■ TASK TO CARRY OUT:
Give the data back exactly. Leave out any images.

■ DATA BELOW:
——

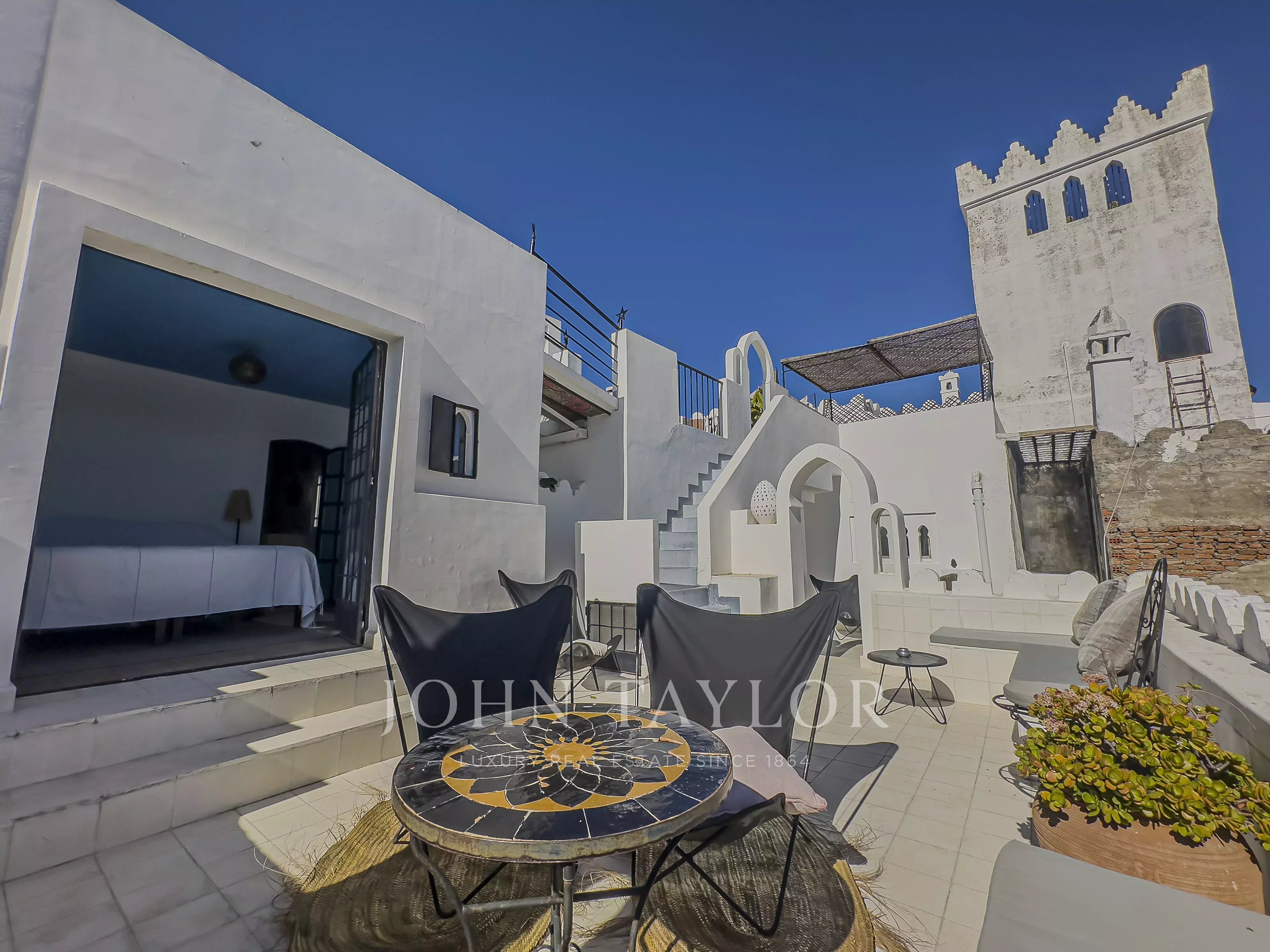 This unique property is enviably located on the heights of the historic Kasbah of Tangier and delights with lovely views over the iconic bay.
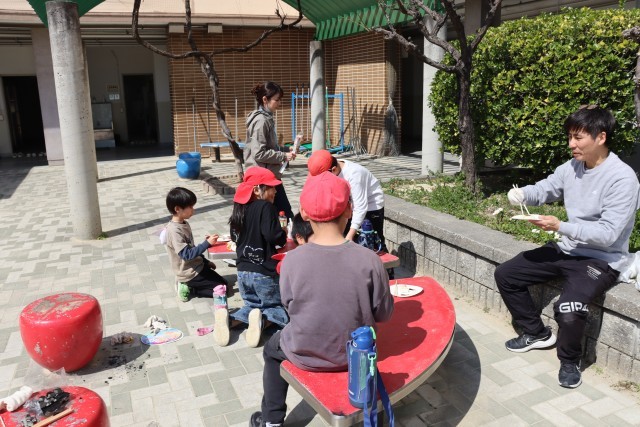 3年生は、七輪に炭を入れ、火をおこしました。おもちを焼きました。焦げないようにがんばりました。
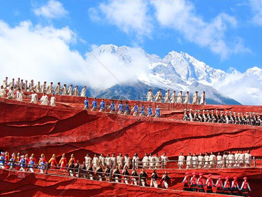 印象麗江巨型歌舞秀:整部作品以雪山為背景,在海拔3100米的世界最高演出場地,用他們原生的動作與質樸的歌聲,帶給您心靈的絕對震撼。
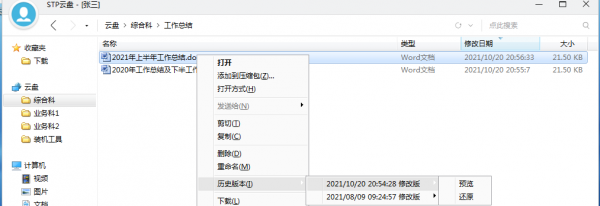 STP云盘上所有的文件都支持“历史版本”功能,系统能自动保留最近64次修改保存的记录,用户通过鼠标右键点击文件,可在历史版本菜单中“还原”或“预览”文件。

——

■ OUTPUT BELOW:
 This unique property is enviably located on the heights of the historic Kasbah of Tangier and delights with lovely views over the iconic bay.
 3年生は、七輪に炭を入れ、火をおこしました。おもちを焼きました。焦げないようにがんばりました。
 印象麗江巨型歌舞秀:整部作品以雪山為背景,在海拔3100米的世界最高演出場地,用他們原生的動作與質樸的歌聲,帶給您心靈的絕對震撼。
 STP云盘上所有的文件都支持“历史版本”功能,系统能自动保留最近64次修改保存的记录,用户通过鼠标右键点击文件,可在历史版本菜单中“还原”或“预览”文件。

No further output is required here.